Michael Ellenbogen of Philadelphia speaks during an Alzheimer's Association event. Controversial comments have put him on the outs with the association and other groups, including the U.S. Department of Health and Human Services. (Image via Facebook)

A Philadelphia man with Alzheimer’s is under fire for submitting controversial comments to a gathering of those  involved with the National Alzheimer’s Project Act in January.

Michael Ellenbogen was unable to attend the conference, so the comments that got him in trouble were read for him.

“What do we need to do to get the attention of people like you? Will it take someone like me to have some sort of shootout like Columbine before someone will take notice?

“I would not do that, but I am trying to get your attention, and I am failing and dying at the same time,” his testimony read.

Even after those comments, Ellenbogen was vetted and asked to speak at a World Health Organization conference on dementia in Geneva in March.

Upon his return to the U.S., Ellenbogen said he was banned from speaking at further NAPA events and any other events sponsored by the federal Department of Health and Human Services.

The comments were meant to shock but were not a threat of violence, Ellenbogen said.

Ellenbogen, who has apologized, said the Alzheimer’s Association also has requested that he not attend any gatherings or meetings.

“That’s the worst part of this,” he said. “You can’t even find someone who will talk to me. I called numbers, they find out who I am, and they don’t want to talk to me. Won’t even tell me where to go or what to do.”

A statement issued by the Department of Health and Human Services encouraged him to submit future comments in writing and watch meetings via webcast.

Kate Meyer, a spokeswoman for the Alzheimer’s Association, said the group did not ban Ellenbogen from attending events, but requested he stay away, even from peer support groups, until Health and Human Services resolves “the security issue.” It’s unclear if or when that will happen.

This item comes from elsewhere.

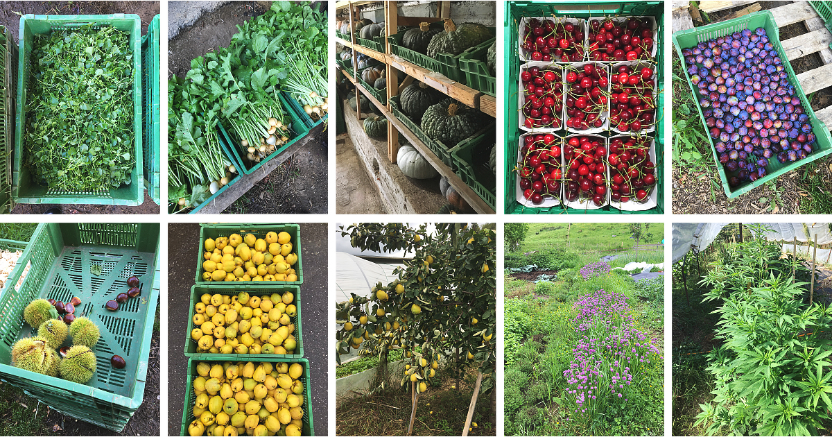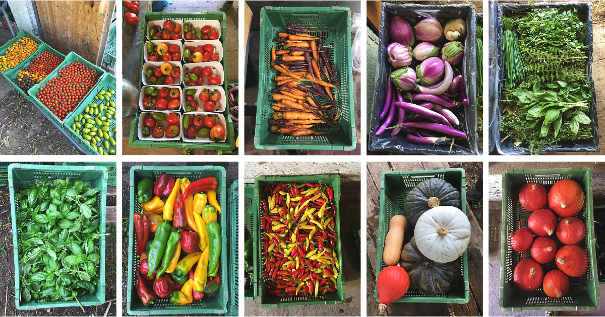 Nous cultivons plus de 80 variétés de légumes, des herbes aromatiques, des framboises, de la rhubarbe et du miel. Les variétés sont choisies avant tout pour leur origine, goût et beauté. Nous avons aussi 20 arbres fruitiers (pommier, poirier, prunier, mirabellier, cognassier, cerisier, noisetier, noyer, châtaignier, arbre à abeilles).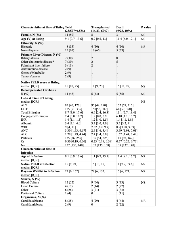 Results: 23/507 (4.5%) children listed for LT over 11-years had IFI; 9 (40%) children died. Patients who died were older (mean age: 11 years, IQR: 6.0, 17, p=0.09) than survivors, with a shorter median time from listing to IFI (15 days, IQR: 6, 171, p=0.28). Median time from infection to death was 11 days [IQR:10, 23]. There were no significant differences in listing indications, decompensated cirrhosis, or laboratory values at listing. Incidence of bacterial and viral infections, immunosuppression, and antibiotic exposure within the one-month preceding IFI were also similar amongst groups. Fungemia was the most common type of infection. Conjugated bilirubin, ANC, ALC, Cr and CRP at time of infection were significantly higher among the patients that died.

Asked if that was an overreaction, Meyer said, “We take any reference to violence seriously. It wouldn’t be acceptable to ignore such remarks.”

The Alzheimer’s Association has offered Ellenbogen and his family online and phone support, she said.

Shari Ellenbogen, Michael’s wife, denied they were personally offered phone and online support.

Ellenbogen was diagnosed with Alzheimer’s eight years ago at age 49. He said his struggle with officials has left him feeling depressed.

“I don’t know if I’m going to continue to do it [work as an activist]. If I cannot win this case here, to undo this, I believe I lost a battle for people with dementia,” he said.